Luna then turned to the headmaster.

"Professor Dumbledore, I think you can call off that marriage you were trying to force my boyfriend into," she said with a sunny smile.

"I…er…"

"Listen, Lovegood," Draco protested. "I'm not giving Potter up without a fight."

"Okay, then," Luna replied and rammed her foot right into Draco's male parts. "Wanna know why I did that, Draco?" Luna said cheerily, stomping the boy again. "It's because I'm big, blonde, and beautiful," she sang, stomping him on each chord. "I offer big love, with no apologies. How can I deny Harry the most of me? No, I am not afraid to stamp you down. Pound," STOMP, "by pound," STOMP, "by pound!" STOMP. "'Cause I'm…big, blonde, and beautiful. Face the fact, it's simply irrefutable! No man wants lover who only offers the least, when he's Harry and can have the whole damn feast."
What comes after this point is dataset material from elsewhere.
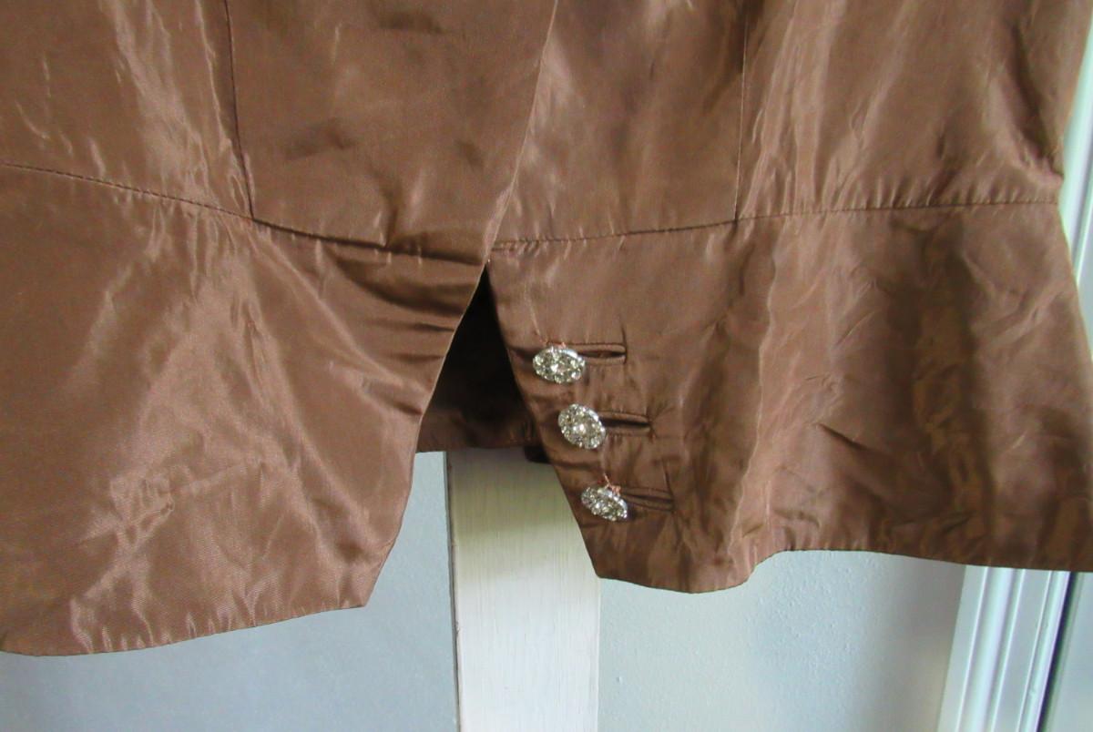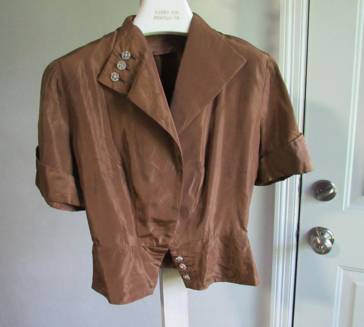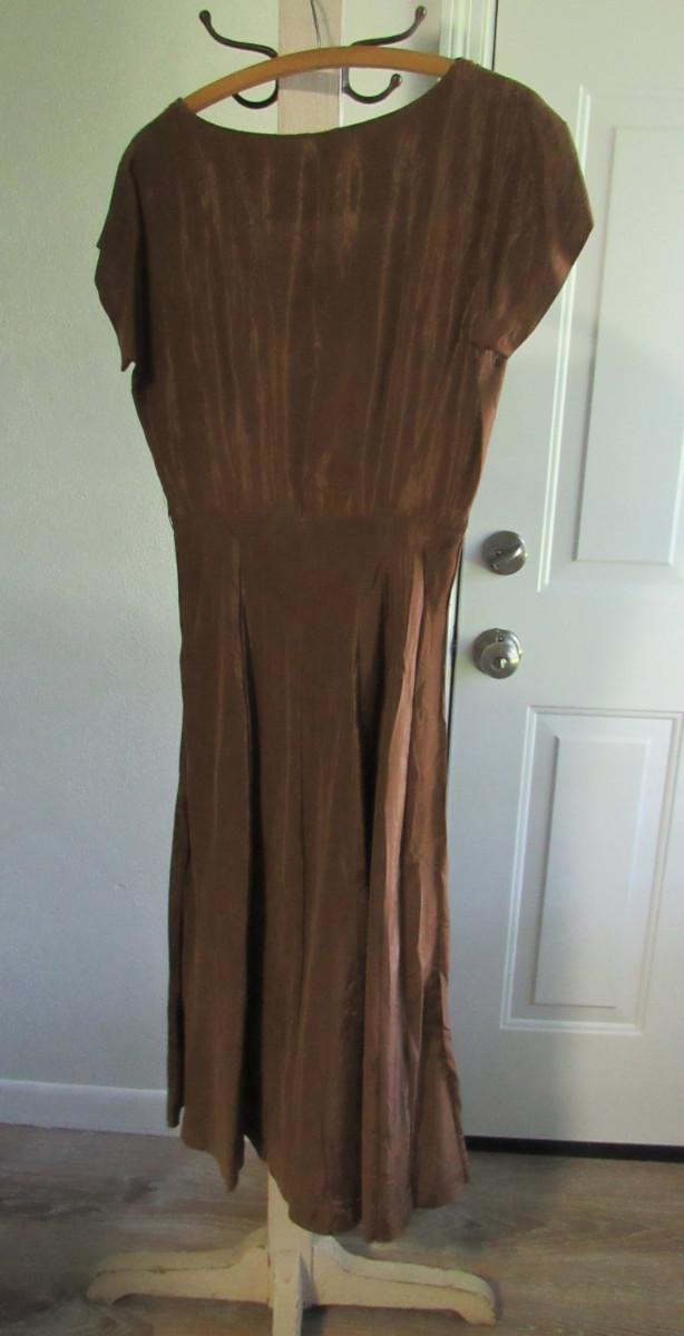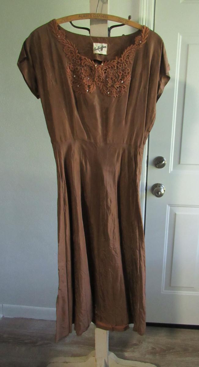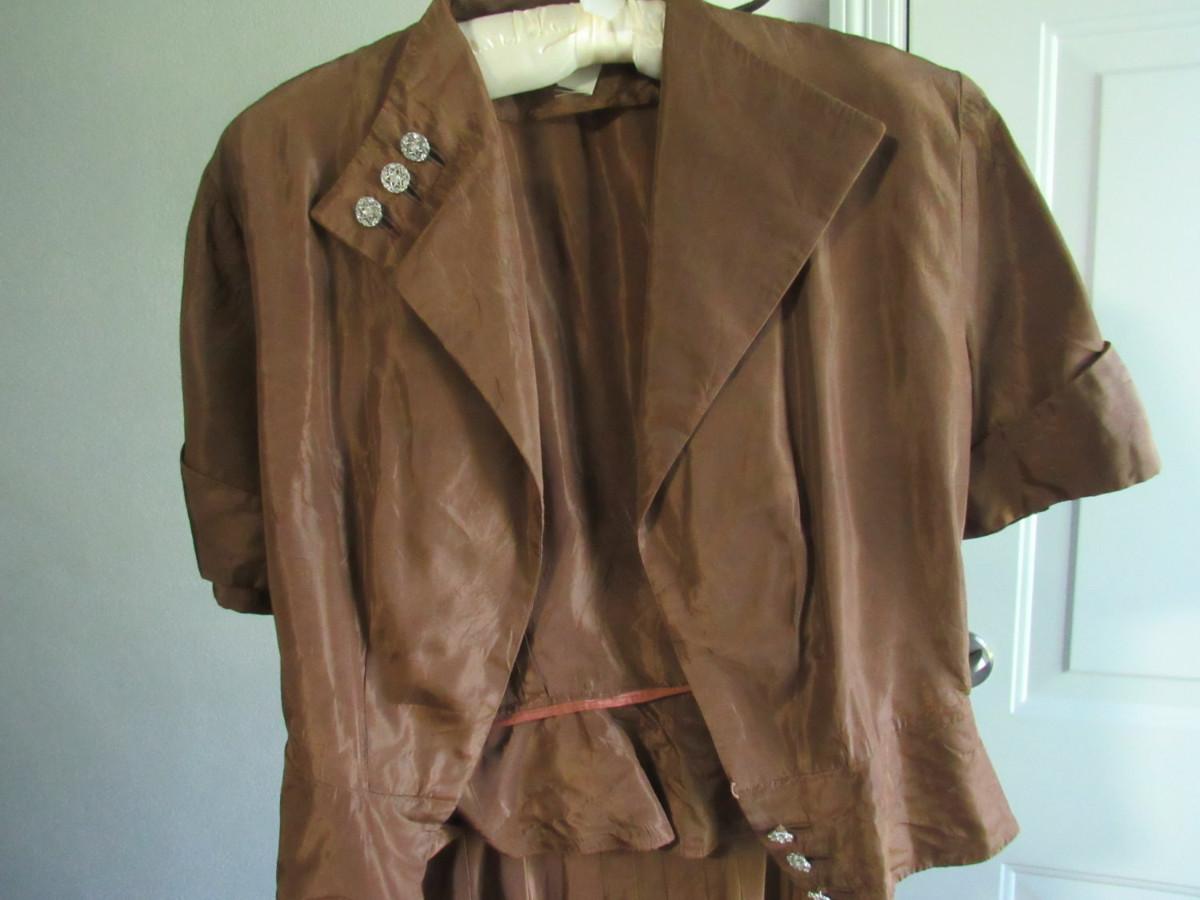 Set is in very good shape. My pics do not do this set justice. Color is off in photos. It is a nice medium brown shade. The lace in photos is too bright, it is darker brown in person. Rhinestones and faux pearls trim. Detailed stitching on front of dress, nice pleated skirt. Beautiful, needs pressing. Matching short jacket has rhinestone buttons, upturned cuffs at sleeves, shoulder pads. Beautiful condition but needs ironing. Not sure what kind of fabric this is. Ann Kauffmen label inside. Check out the online prices on these outfits! Shipping is available at actual shipping cost plus $5.00 handling fee per box for supplies/labor. See our terms for details. All sales are final. Condition notes may not be all inclusive, we may miss some issues as most vintage items are not in mint condition and have some degree of wear, paint loss, etc, but we always try to note obvious damage.

"Where is that music even coming from?" Hermione muttered to Ron, who was too fixated on Luna's stomping routine to reply.

"Yeah, baby, give me a piece of that Harry-pie," she playfully tapped Harry on the nose. "Come on Sugar-daddy, don't be shy. Try to take my Harry and you won't survive," she shot a glare at Malfoy, "Yeah, I will roast you alive. 'Cause I'm…big, blonde, and beautiful. Hey, Harry, is there somethin' 'bout me that's unsuitable?"

"None that I can see," Harry replied shakily.

"Yeah, why sit and pine away, all timid and shy, when you can shag the Chosen Guy. Whoaoaoao! All together now!"

"Big, blonde, and beautiful," Luna sang with Daphne and Tracey nervously doing backup. "Hey, Harry, baby, we can do it all! No, I don't let no ferrets bring us down, because I'll shove him in the water and let him drown! Yeah, yeah, yeah, yeaaaah!"

"There, I think I made my point," Luna said to an awestruck hall full of students and faculty.

"That's the last time I take you to see Hairspray," Harry muttered.

"Um, yes, I think the wedding of Draco and Harry will have to be cancelled," Dumbledore said. "Um, if anyone needs me, I'll be in my office for, I don't know, the next twenty years or so."


Author's Note: This is what happens when I go home and am supposed to work on a bunch of papers for school. I end up writing crap like this.